Touched by that encounter, I went back
to my room. Immediately, as I sat down in my meditation chair by the
windows, a female cardinal perched on the closest branch and looked
at me, one eye at a time. When she flew off, two American goldfinches
alighted next. Their feathered sunshine danced and flittered together
until they both stopped to gaze back at my laughing face. When they
departed I felt thoroughly in touch with Richard.
I only looked at my phone now and then to check the time and eliminate too many emails from piling up to answer on my return. To cap off these these animal encounters, there was an email from Dennis, our good friend, and a Jungian oriented sand-play child therapist, sending me a chapter that he was dedicating to Richard from his new book. This chapter was about encounters with Pan, the wild element in us all, and how Dennis works with panic attacks that he has helped so many children resolve.

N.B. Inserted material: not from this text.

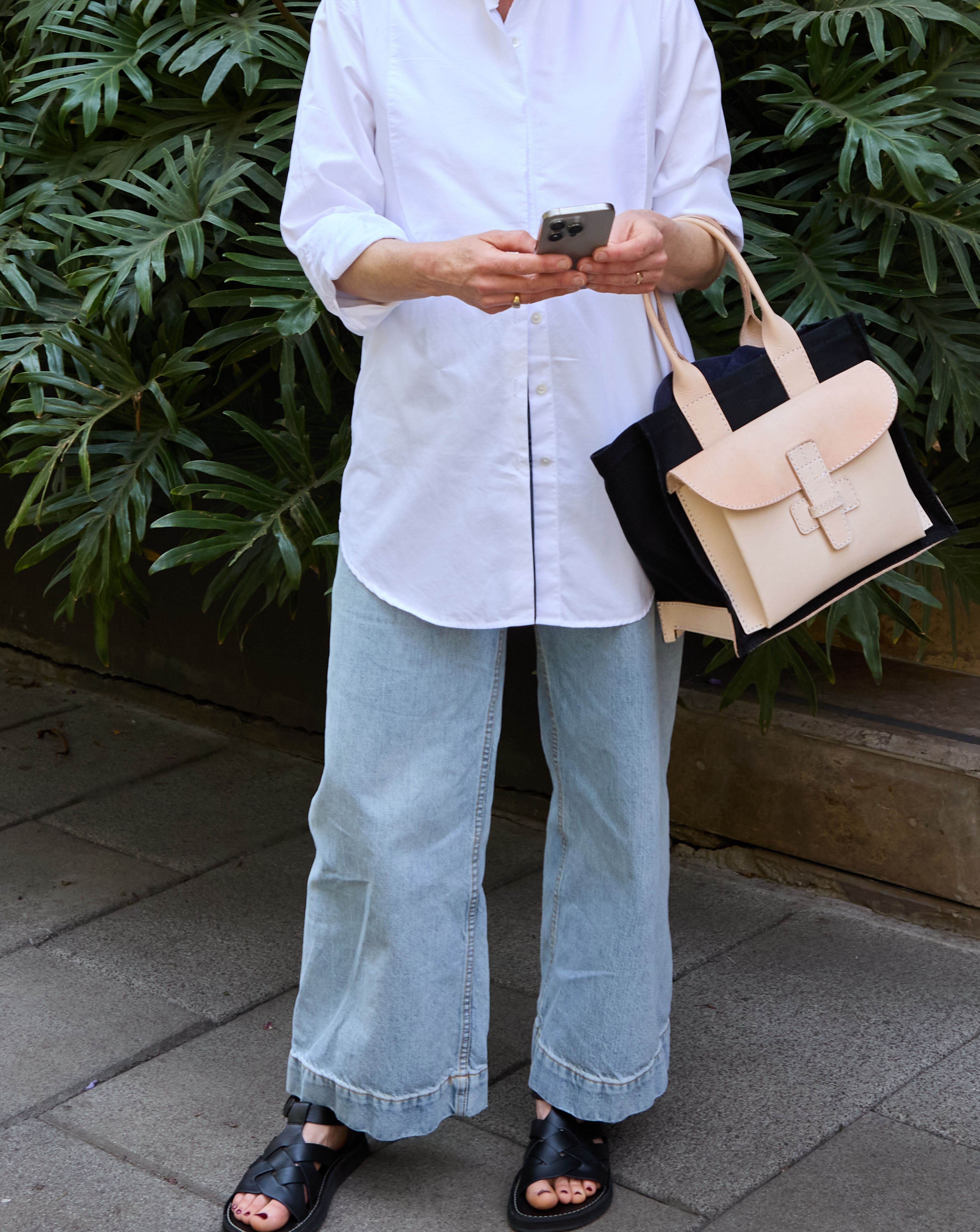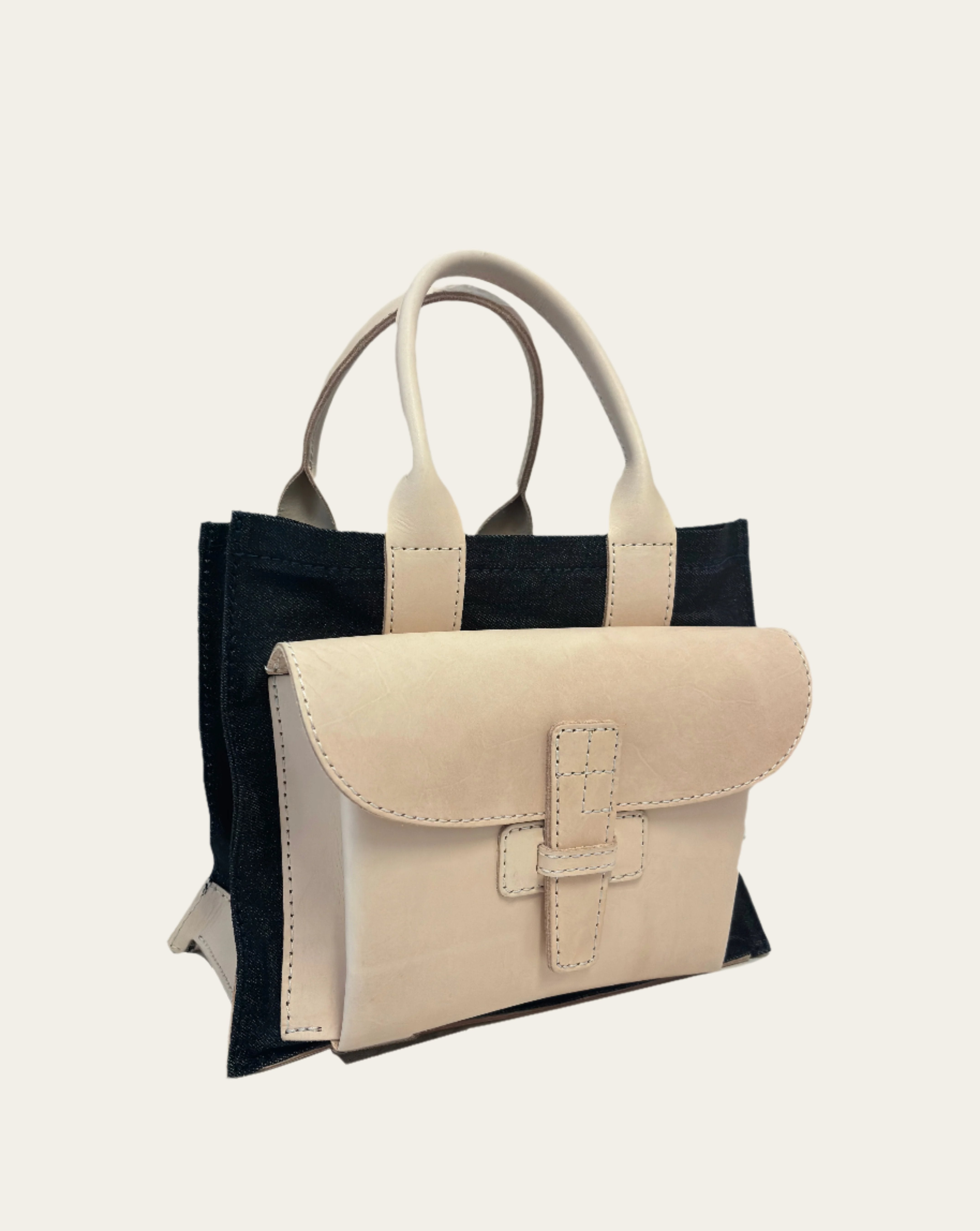 Discover our Sac 1 combination sac in Veggie Tan and Dark Denim.

Dennis and Richard had gone on a trip to Tuscany together years ago. I think he said to me they had climbed some hills and crossed fields to find a spring burbling up. They were delighted to happen upon it until they realized that the hoof-prints all around it were those of wild boars. It was, according to Dennis, “the hour of Pan”, and they beat a respectful retreat. Make of it what you will, but for me, these overlaps of my world and the animals around me deepened my sense of physical communion with Richard.
‘
In my second floor bedroom, there were
two, side by side 3’x8′ windows. They looked directly into a cluster
of very tall Balsam fir trees, maybe 80-90 feet tall. Two different
thunderstorms invoked such intense downdrafts that they set these
giant standing people into visual chaos before me. I felt seasick as
both the vertical and horizon planes of my ordered world were
thrashed violently with the arms of massive green carwash rags on my
windshield. Accompanied by rollicking thunder and lightning, I could
not help but regard these trees with awe.

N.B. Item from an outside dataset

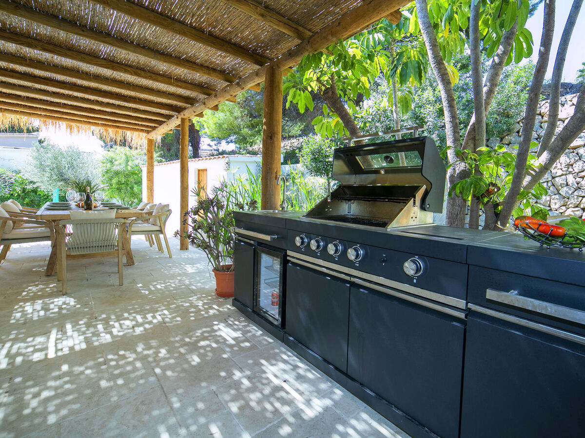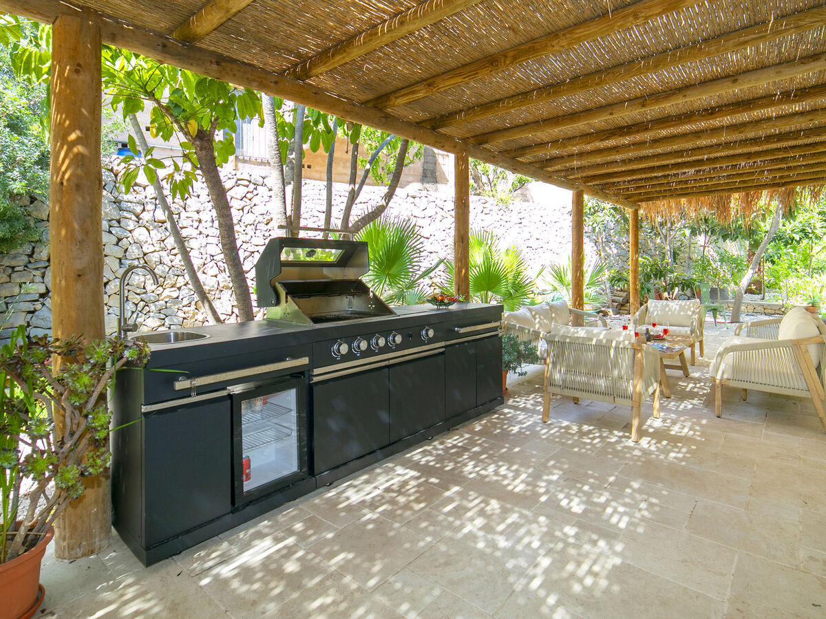 Meubles de terrasse, barbecue, place pour s'asseoir.
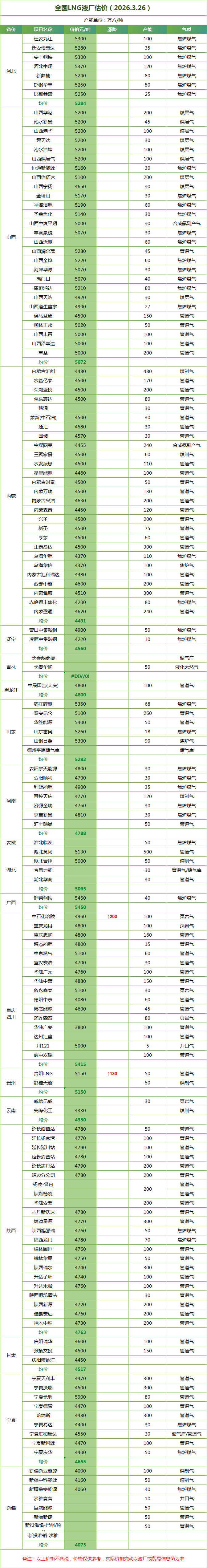 LNG天然气每日价格

One night, just before I climbed into
bed, I was thinking those trees were like Christmas trees with post
doctoral degrees. Not only do balsam firs have that classic curved-up
bough design, but instead of tinsel or glass icicles, these had
slender green pinecones hanging down to decorate their branches. Just
then, a firefly slammed into my window with a single blip of light. I
looked out, and there were a dozen fireflies zooming up into the
deepening dusky green depths. Now the trees were completely decorated
with blinking lights. A Christmas treat delight in July.
Miracles? No. But surely a result of
slowing way down and paying attention to my one amazing world.